Now to look at a signal modelling uncertainity which only has a different efficiency $e_{\text{sm}4}$.

In [109]:
t_sm4 = [520, 310]
M_sm4 = M_nominal
e_sm4 = [0.85, 0.88]
a_sm4 = a_nominal
r_sm4 = folding(t_sm4, M_sm4, e_sm4, a_sm4)

print("r_sm4 = %s" % str(r_sm4))
print("Systematic variation difference at reco = %s %%" % str(percentage_difference(r_nominal, r_sm4)))

print("Method 1")
t_sm4_unfold = unfold(r_sm4, M_nominal, a_nominal, e_nominal)
print("t_sm4_unfold = %s" % str(t_sm4_unfold))
print("Systematic variation difference unfolded = %s %%" % str(percentage_difference(t_sm3, t_sm3_unfold)))
print("Method 2")
t_nominal_unfold_sm4 = unfold(r_nominal, M_sm4, a_sm4, e_sm4)
print("t_nominal_unfold_sm4 = %s" % str(t_nominal_unfold_sm4))
print("Systematic variation difference unfolded = %s %%" % str(percentage_difference(t_nominal, t_nominal_unfold_sm4)))

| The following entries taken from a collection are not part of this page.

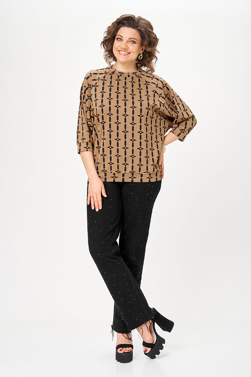 Трикотаж средней плотности мягкий, пластичный и комфортный к телу. Он держит форму, не просвечивает и не теряет аккуратный вид в течение дня.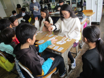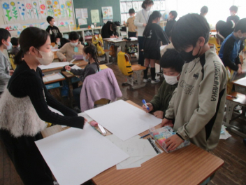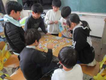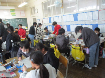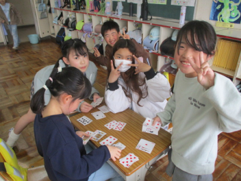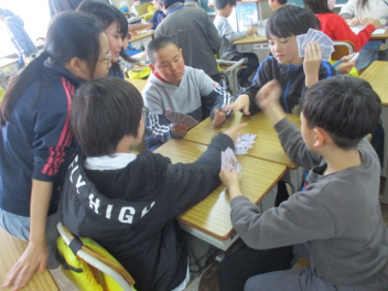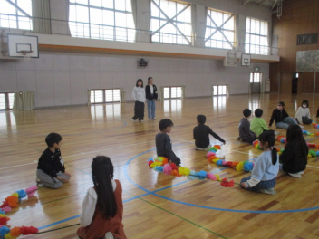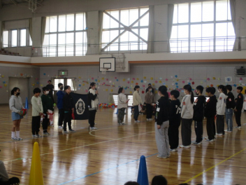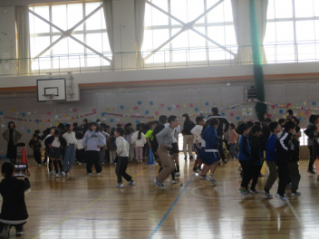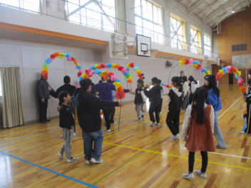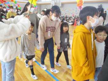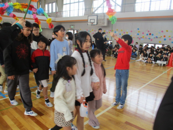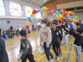 6年生と一緒に遊ぶと決めたのは、2年生。最後にボー送りリレーで一緒に遊びました。人数の関係なのか練習の成果か、2年生が圧勝しました。それでも、一緒に楽しめて6年生は笑顔いっぱい。同じ時間を過ごすことで感謝の気持ちも伝わったと思います。
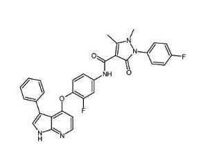 Chemical NameN-(3-fluoro-4-((3-phenyl-1H-pyrrolo[2,3-b]pyridin-4-yl)oxy)phenyl)-2-(4-fluorophenyl)-1,5-dimethyl-3-oxo-2,3-dihydro-1H-pyrazole-4-carboxamide.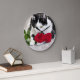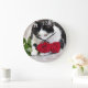 Relógio Grande Gato bonito com a rosa vermelha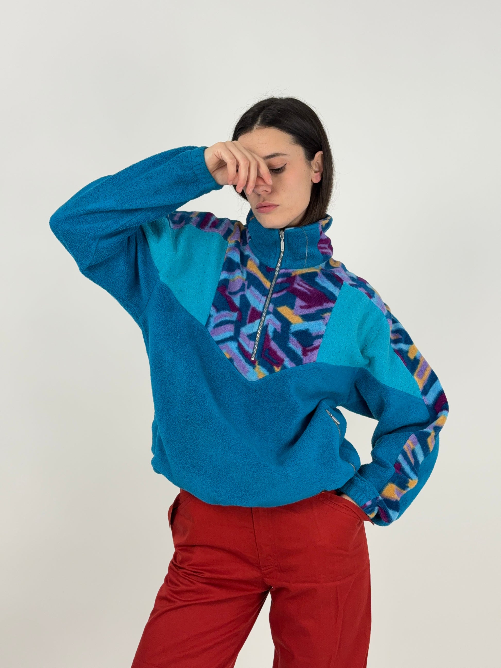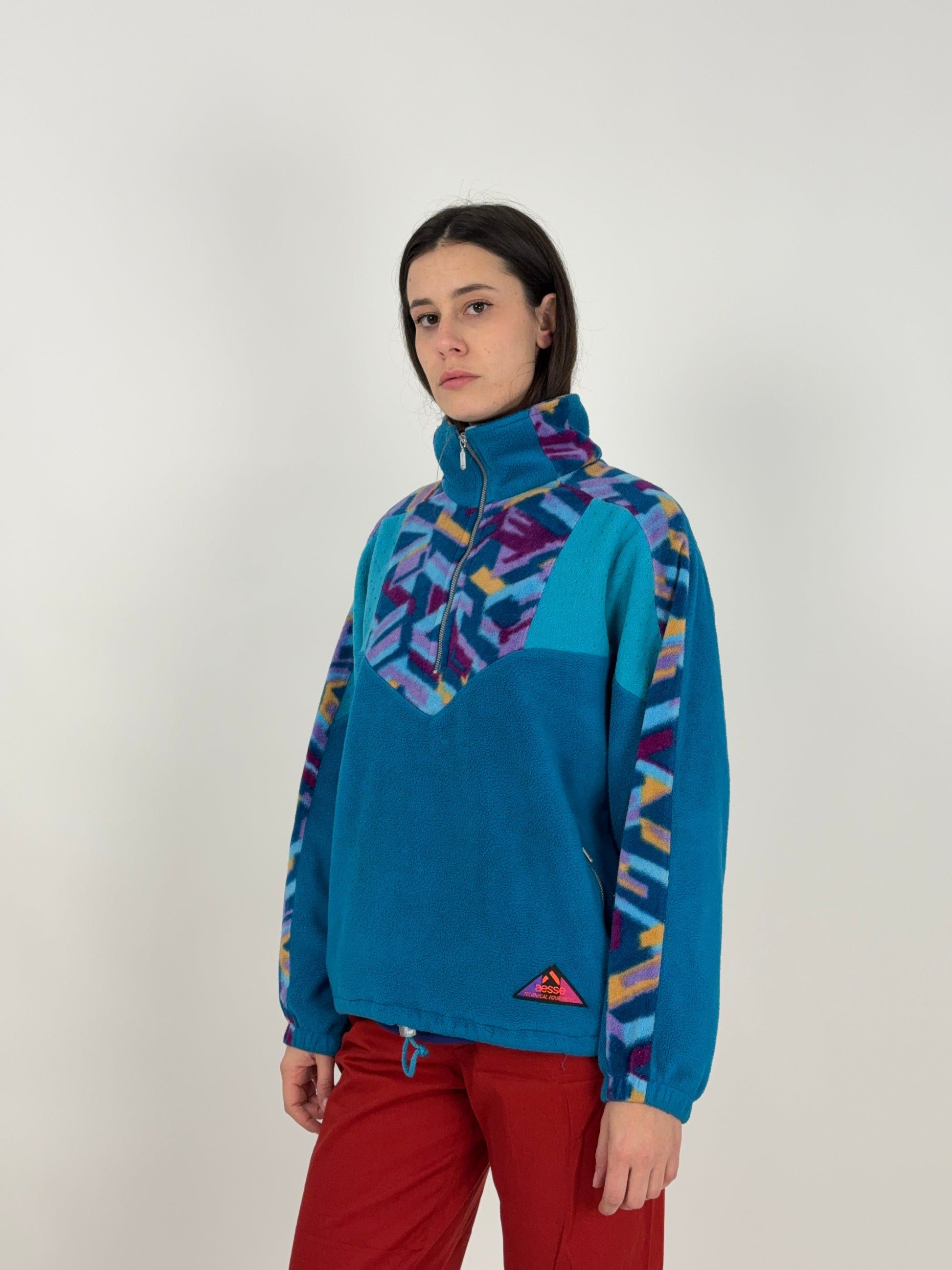 Il mix cromatico è una bomba controllata: base turchese, inserti geometrici multicolor e zip corta sul collo. I primi anni dell’outdoor tecnico quando contava la funzione prima dell’estetica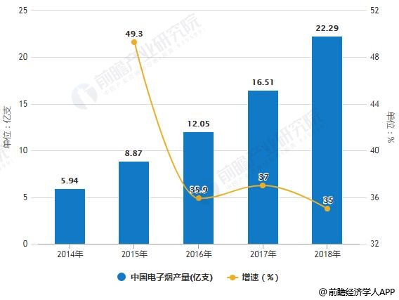 2018年中国电子烟产量将超22亿支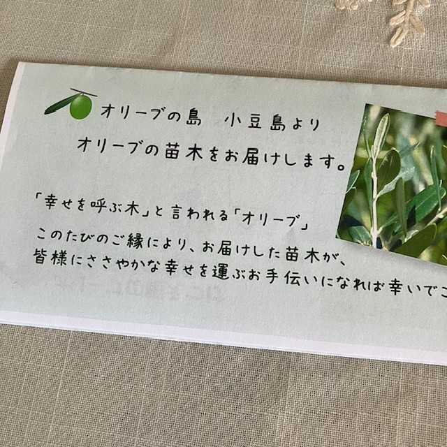 以前応募していたタケサン様のオリーブの苗木が小豆島から届きました!!過去記事はこちら ⇒ タケサンの懸賞でオリーブの苗木が当たる!!「幸せを呼ぶ木」とは……我が家に来てくれてありがとうございます!!大変丁寧なお手紙も入っていました♪ 届いたときはこのような感じでした。オリーブの苗木は初でしたが、植え付け方法もちゃんと入っていました。「幸せを呼ぶ木」を枯らしてはならない!!という使命感にかられ、すぐに植木鉢と培養土をかいにホームセンターへ!!取り急ぎ、鉢に植え替えて、お水をたっぷりあげました。小豆島から関西へようこそ。元気に育ってほしいです♪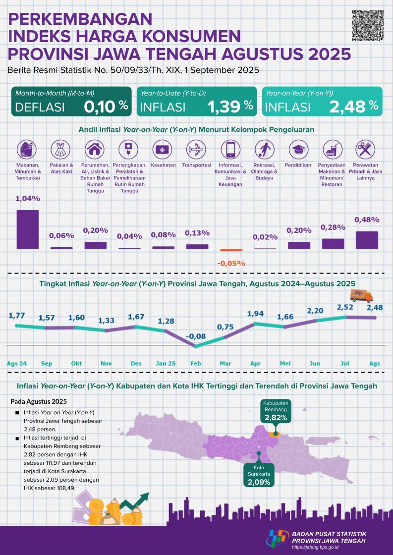 Perkembangan Indeks Harga Konsumen Provinsi Jawa Tengah Agustus 2025 berdasarkan Berita Resmi Statistik No. 50/09/33/Th. XIX, 1 September 2025
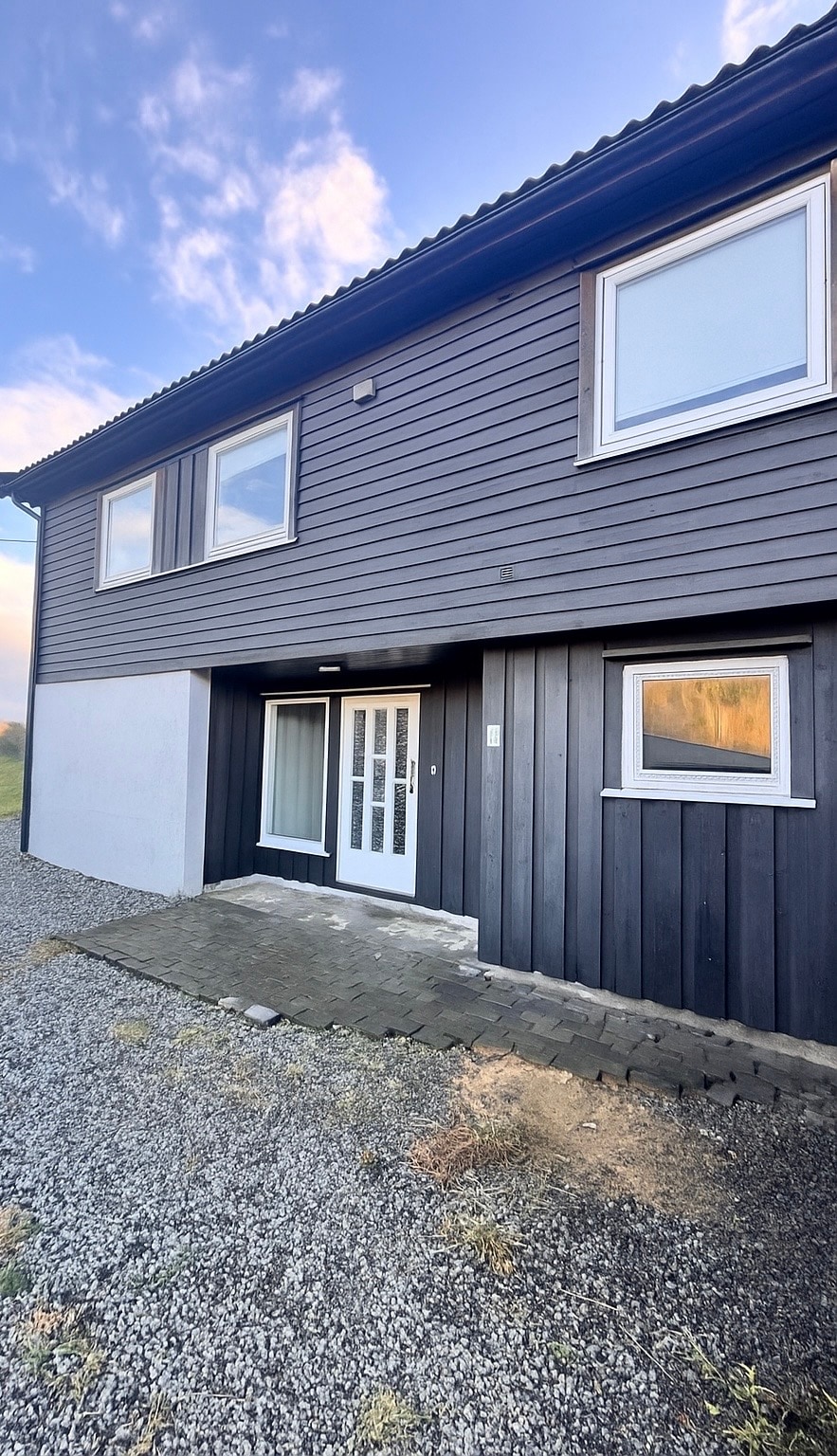 Slapp av sammen med hele familien på dette fredelige bostedet med Panorama utsikt utover fjorden, gangavstand til forretninger, spisesteder og til sjøen med badeplass. Det er stor hybel i 1.etsj., egen trapp og inngang, 91 kvadratmeter, 3 soverom, stua med sove sofa og 3 skinn stoler, Peis ovnen, varmepumpe. På badet har servant, dusjkabinett, opplegg for vaskemaskin og tørketrommel, kombinert vask og tørk, kjøkken og lite rom ved siden, gratis parkeringsplass. Røyking er kun tillatt utenfor.

r_sm4 = [544.21333333333337, 393.12820512820508]
Systematic variation difference at reco = [3.2796208530805759, 0.44155844155846513] %
Method 1
t_sm4_unfold = [480.43478260869568, 303.11111111111103]
Systematic variation difference unfolded = [-4.2861920688007702, -26.736098310291823] %
Method 2
t_nominal_unfold_sm4 = [541.17647058823536, 306.81818181818187]
Systematic variation difference unfolded = [-8.2352941176470722, -2.2727272727272898] %


With a change in effiicency only, the two methods do not give the same result. I think this makes sense.